Mr Li, who was in Brussels on Monday to co-chair the 17th China-EU summit, also called for the two sides to start a feasibility study for a free trade area to resist protectionism and boost connectivity between Asia and Europe.
“The scale of two-way investment, a mere $20bn or less in 2014, is hardly satisfactory given the big size of the Chinese and EU economies and the huge volume of two-way trade,” Mr Li said in written answers to questions from the Financial Times and several other European newspapers.
“If a comprehensive, balanced and high standard investment treaty could be reached early, it will bring opportunity for both sides to combine their respective strengths and form a new pattern of co-operation,” Mr Li added, noting that EU-China trade now exceeds $1.7bn a day.
Chinese companies, beset by rising costs and eroding competitiveness in a slowing domestic market, are scouring Europe for acquisition targets to boost technology and brand values. An investment treaty, analysts said, would smooth the path to more EU acquisitions and other direct investments by Chinese companies.
But there is also a geopolitical dimension to Mr Li’s overture stemming from Beijing’s concerns that two large impending global trade deals threaten to sideline China.
Last week, US President Barack Obama won the legislative powers he needed to finalise the Trans-Pacific Partnership — the biggest trade deal in a generation — between the US, Japan and 10 other countries. Concluding the TPP is expected to build momentum for the Transatlantic Trade and Investment Partnership, the proposed EU-US trade and investment pact.
US and EU trade officials have been pushing the deals as one way for America and Europe to maintain their grip on the technical and regulatory standards that increasingly form the backbone of trade accords.
Keen not to be left out, Mr Li said China was “also open to the TPP”.
China and the EU had prickly relations under Karel De Gucht, the previous EU trade commissioner, who launched an investigation into alleged dumping of Chinese solar panels. He had also accused Huawei and ZTE, two Chinese makers of telecommunications equipment, of benefiting from illegal state subsidies.

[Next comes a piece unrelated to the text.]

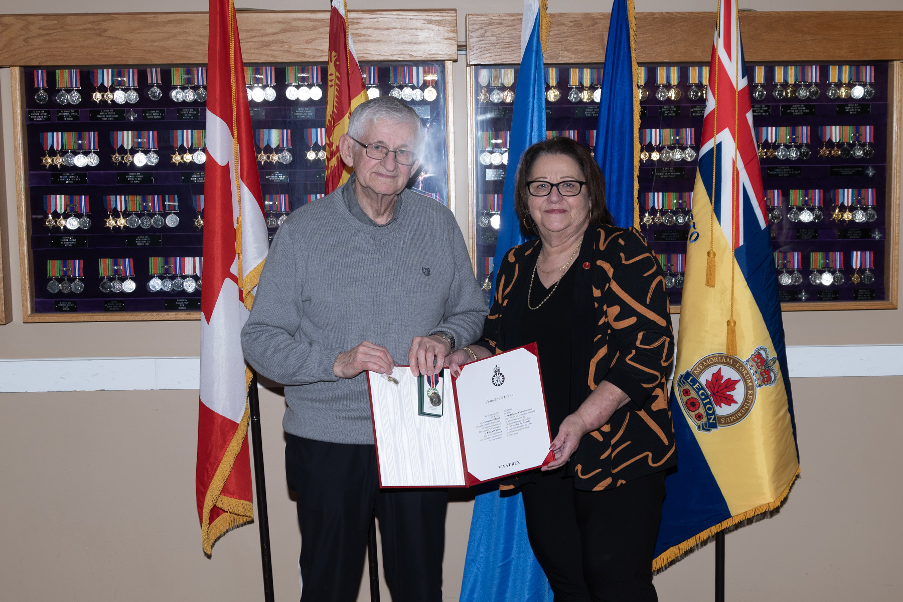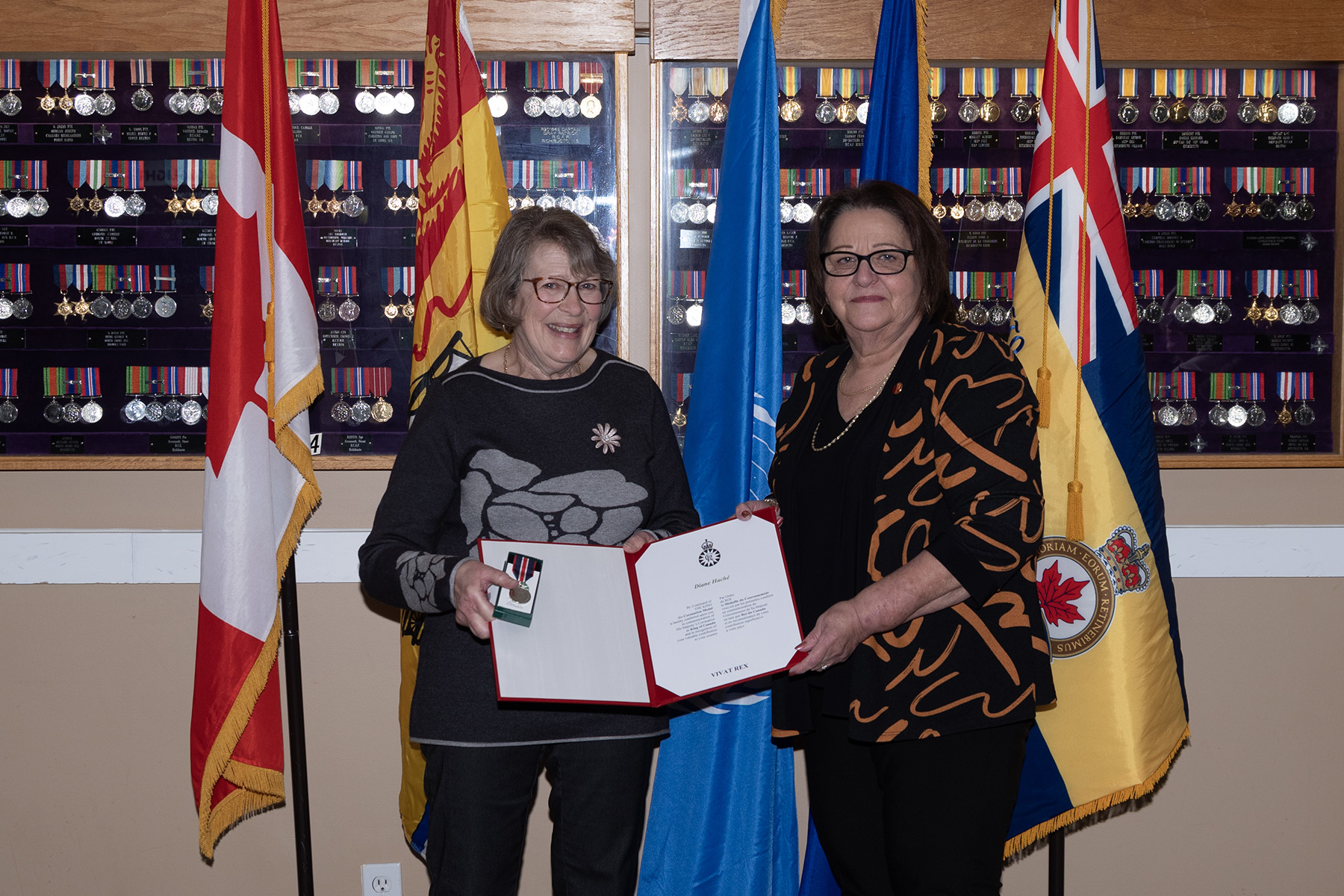 Recipients Marie Chevarie and Raymond Vautour were, regrettably, unable to attend the ceremony; consequently, they received their medals from the Senator at a later time.

But Brussels found the Chinese were highly effective at dividing EU countries with threats of trade retaliation, for example against European wine exports.
Under Mr De Gucht’s successor, the tone on China has been more conciliatory and most attention is focused on whether the EU will support China’s push to be accepted as a “market economy” in the World Trade Organisation.
Turning to the slowdown in China’s gross domestic product growth, Mr Li said he was confident that the “economy will maintain long-term growth” but ruled out “strong stimulus”.
“China still has a bunch of policy tools at its disposal. We will not opt for strong stimulus,” Mr Li said.
Beijing signalled its intent to reinforce demand in the economy at the weekend by cutting the one-year lending rate by 25 basis points to 4.85 per cent — its fourth cut since November — and lowering the amount of reserves certain banks are required to hold by 50 basis points.